SUMMARY OF THE INVENTION
[0006] The present invention has been made in an effort to provide
video education content providing method and apparatus based on
artificial intelligence natural language processing using
characters in order to solve problems that in untact on-line video
education, video education immersion is lowered, and the
understanding of a video education content is reduced in
participants, particularly, infants and elementary school students
who may easily lose interest in an online education
environment.
[0007] An exemplary embodiment of the present invention provides a
video education content providing apparatus including: a
participant identification unit which identifies a video education
service connection of at least one participant from an external
server; a participant information collection unit which acquires
video and voice data for each of the at least one participant to
collect participant speech information; a speech conversion
processing unit that converts the participant speech information
into speech text to generate speech analysis information; and a
character formation processing unit which creates characters based
on the speech analysis information and provides a video education
content using the characters to a participant terminal via the
external server.
[0008] The speech conversion processing unit recognizes the voice
speech of the participant included in the participant speech
information to convert the voice speech into speech text, applies
an artificial intelligence natural language processing function to
divide the speech text into questions and answers, and compares the
speech text after measuring the cosine similarity to be grouped
into a set of the same subject and divided into dialogue chapters
to generate the speech analysis information.

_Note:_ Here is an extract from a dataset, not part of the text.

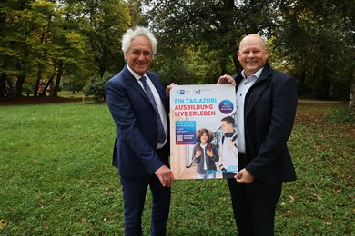Zusammen mit Landrat Helmut Petz wirbt die IHK für den Aktionstag „Ein Tag Azubi“, bei dem am schulfreien Buß- und Bettag (20. November 2024) junge Frauen und Männer im Landkreis Freising aktuellen Auszubildenden über die Schulter schauen und deren Alltag im Betrieb kennenlernen können.
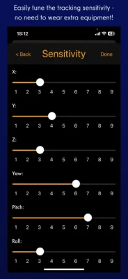 SmoothTrack 2.0 uses the head and eye tracking AR capabilities of your phone to provide the simplest and best head tracker for 6 degrees-of-freedom head movements in your sim games.

[0009] The character formation processing unit creates virtual
characters with the same number as the number of the at least one
participant and outputs the voice speech and text corresponding to
the dialogue chapter through the character of each of the at least
one participant.
[0010] The character formation processing unit analyzes phrases of
the dialog chapter to extract a plurality of candidate characters
according to the analysis result, analyzes a facial expression or
voice of the participant to determine an emotional status, and then
selects a character corresponding to the emotional status based on
attribute information of each of the plurality of candidate
characters, and allows the voice speech and text to be output
through the selected character.
[0011] The character formation processing unit selects and creates
a character matching at least one condition of an age group of the
at least one participant, a dialogue keyword, and a dialogue
difficulty, and allows the character to be changed in real time by
reflecting the facial expression or the body motion of the
participant included in the participant's video to the
character.
[0012] The character formation processing unit calculates a first
score based on personal attribute information of at least one of
the gender, age and grade of the participant, calculates a second
score based on the dialogue keyword, and calculates a final score
by summing the first score and the second score, and the character
formation processing unit compares the final score with a reference
score of each of the plurality of characters to select the
character corresponding to the reference score with a smallest
difference value from the final score and allows the character to
be changed in real time by reflecting the facial expression or the
body motion of the participant to the character.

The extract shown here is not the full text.